Deixa de fumar? Ó senhor «engenheiro» Sócrates! Mas o senhor fumava? Eu pensava que era um grande atleta, capaz de correr meias maratonas (ou por lá perto) e não dispensar umas corridinhas em calções, nem que fosse na Rússia, em plena Praça Vermelha. Afinal, era só para a rapaziada pensar que estava a ser governada por um tipo bestial e sem vícios de qualquer natureza. Olha quem…

Faça-me um favor – e ao país: não deixe de fumar, pode ser? Fume muito, muitos maços por dia e, se possível, vários cigarros de cada vez. Aos três e aos quatro. Fume, satisfaça o vício, encha-se de nicotina e alcatrão, intoxique-se, envenene-se sem remédio. Se o fizer, estará a prestar, de facto – e pela primeira vez – um verdadeiro serviço a Portugal e aos portugueses.
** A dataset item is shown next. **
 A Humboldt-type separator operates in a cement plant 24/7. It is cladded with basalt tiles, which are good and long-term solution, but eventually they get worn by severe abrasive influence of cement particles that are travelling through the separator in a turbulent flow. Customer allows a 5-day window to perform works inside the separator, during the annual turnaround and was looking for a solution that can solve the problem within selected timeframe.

A sério: de tudo isto, o que fica, então, não será a transgressão em si mesma, coisa que se resolvia com a multa, e pronto. Isto é: coisa que se resolvia com dignidade. Mas não: o que fica é o retrato do carácter defeituoso de Sócrates, capaz de recorrer à mentira grosseira (fartinho de saber que não podia fumar onde fumou estava ele…) para salvar a pele e, ainda por cima, não ter o senso do ridículo suficiente para ter evitado aquela de ir deixar de fumar. Como disse – e bem – Marcelo Rebelo de Sousa na RTP, afinal Sócrates não terá deixado de fumar pela única razão válida para o efeito, ou seja, porque o fumo faz mal à saúde, mas porque foi apanhado em falso. E isto, meus amigos, é estupidez chapada.
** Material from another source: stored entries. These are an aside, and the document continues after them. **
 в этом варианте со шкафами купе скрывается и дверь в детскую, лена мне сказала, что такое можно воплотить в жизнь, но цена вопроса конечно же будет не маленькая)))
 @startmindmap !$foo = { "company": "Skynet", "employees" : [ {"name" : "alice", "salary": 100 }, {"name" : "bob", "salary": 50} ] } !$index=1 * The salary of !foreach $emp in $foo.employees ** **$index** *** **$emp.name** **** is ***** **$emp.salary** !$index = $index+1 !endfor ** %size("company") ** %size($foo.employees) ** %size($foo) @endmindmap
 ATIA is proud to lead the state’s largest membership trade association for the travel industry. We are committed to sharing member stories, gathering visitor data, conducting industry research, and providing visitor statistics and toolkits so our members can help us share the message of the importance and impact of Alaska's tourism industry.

Mas deitemos esta beata fora e vamos a outras – às verdadeiras – malfeitorias do «engenheiro». Um dos boys de estimação do PS, o doutor Vítor Constâncio, promoveu, por mérito, um quadro do Banco de Portugal que está de licença sem vencimento (leia-se: a amanhar a vidinha noutro lado) há para aí uns oito anos. É a política do regabofe para a aristocracia reinante, a par da política de contenção para a plebe. Haja dinheiro para a boyada, que o resto logo se vê.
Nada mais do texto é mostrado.